Machhad, Irán, 9 de abril de 2013. Alzado a más de 3 metros de altura, el hombre sabe que va a morir. El día está despejado, pero sus ojos vendados nada pueden ver. De todos los sentidos, lo que más le sirve en ese momento, si es que le sirve para algo, es la audición. Él cuenta con la capacidad de escuchar a las decenas de personas, que se aglomeran a su alrededor, para asistir al show.
De la horca improvisada no podrá escapar, ya que tiene los pies y las manos atados y nadie lo ayudará. Como sucede frecuentemente, el hombre morirá en una plaza pública por cometer un crimen, en este caso, el homicidio de un policía. Lo repetitivo de este hecho lo vuelve algo común. Ayer un hombre fue azotado por alcoholizarse. La semana pasada le cortaron la mano a un muchacho por haber robado. Hace 15 días una mujer fue apedreada hasta morir, por cometer adulterio.
La ley es esa. Es lo que dice la religión y el Gobierno. Cada crimen es castigado según lo manda Sharia, un sistema político basado en las enseñanzas del Islam. Frente a todo esto ¿qué puede esperar un asesino condenado? Nada, sólo que el dolor termine.
La orden es oída, todo el peso del cuerpo cae sobre el cuello atado. En ese momento, entre el bullicio del pueblo, se escucha la voz de la viuda del policía: “¡Yo lo perdono!”
Inmediatamente todos a su alrededor socorren al muchacho colgado, que es salvado. Después de las palabras de la muchacha cuyo marido fue asesinado, el hombre no es más un homicida. Él tiene nueva vida.
Teorizando
¿Quien tiene el poder de perdonar? La familia del policía que perdió la vida perdonó al asesino. Según las leyes de Irán, ahora basta que él pague algo más de 72 mil reales y pase un tiempo en prisión para librarse del rótulo de “asesino”.
Recurro a ese ejemplo extremo para lanzar la pregunta: ¿Quién tiene el poder de juzgar?
Aunque esté de acuerdo en que la Justicia terrestre debe castigar, también creo que la Justicia divina no falla.
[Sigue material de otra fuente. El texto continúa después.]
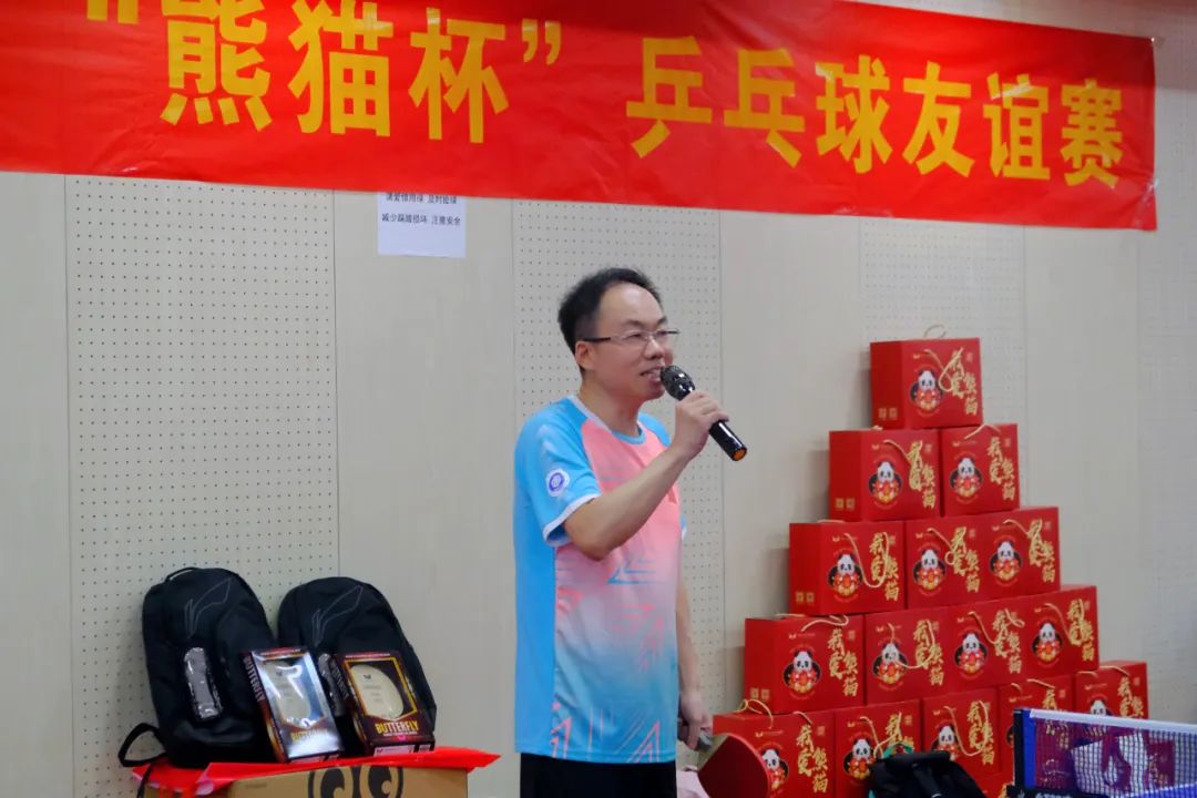 ▲武漢大學(xué)土木建筑工程學(xué)院書記 楊旭下午2時(shí),鼎正董事長王雁然宣布校企乒乓球聯(lián)誼賽正式開始。

Y, si los hombres están entregados a dos entidades para el juzgamiento, ¿por qué me encargaría yo de una función que no es mía?
El sentimiento juzgador que de vez en cuando nos visita tiene la capacidad de corroer no sólo la mente, como también el corazón, el hígado y el alma. Desear el mal, aunque sea en el nombre de la justicia, atrae el mal. ¿Cuántas veces usted ya ha desistido de una venganza? Pregúntese el porqué. “No valía la pena”, es tan solo una forma de expresar que causar el mismo mal al otro no sería bueno ni para usted ni para él.
No estoy diciendo que los errores deben permanecer impunes. Al contrario, defiendo que eso no sucederá. Por la mano del hombre o de Dios, todos recibiremos nuestras recompensas. Pero, prefiero concentrarme en lo que traerá el bien hacia mí y a quien está a mi alrededor. No voy a ocupar mi mente con lo que es destructivo.
Aplicando
Hasta aquí es fácil, porque pensamos en crímenes grandes. Pero, ¿y los errores pequeños? ¿acostumbramos perdonarlos?
Está escrito en Mateo 6:14-15: “Porque si perdonáis a los hombres sus transgresiones, también vuestro Padre celestial os perdonará a vosotros. Pero si no perdonáis a los hombres, tampoco vuestro Padre perdonará vuestras transgresiones.”
Perdonar no es apenas decir que perdona, sino efectivamente pasar por encima de la equivocación (no al que se equivocó).
Olvídese de que aquella persona habló mal de usted, de que el otro lo perjudicó, que alguien dijo que dicen que dijeron algo. Sólo viva. El bien tiene el poderoso efecto de la multiplicación. Viva su bien y él abrazará su mundo.
¿No es el ejemplo de Jesús el que debemos seguir? Pues Él, en el proceso de su muerte, perdonó al ladrón arrepentido y le dio nueva vida. Conceda también usted la nueva vida. De el beneficio de la segunda, tercera, enésima chance.
El perdón es una arma muy fuerte, que sólo los poderosos saben usar.
Recuerde: si 70 x 7 es un número alto, evite contar. Solo haga lo que se debe hacer. En este caso, perdonar.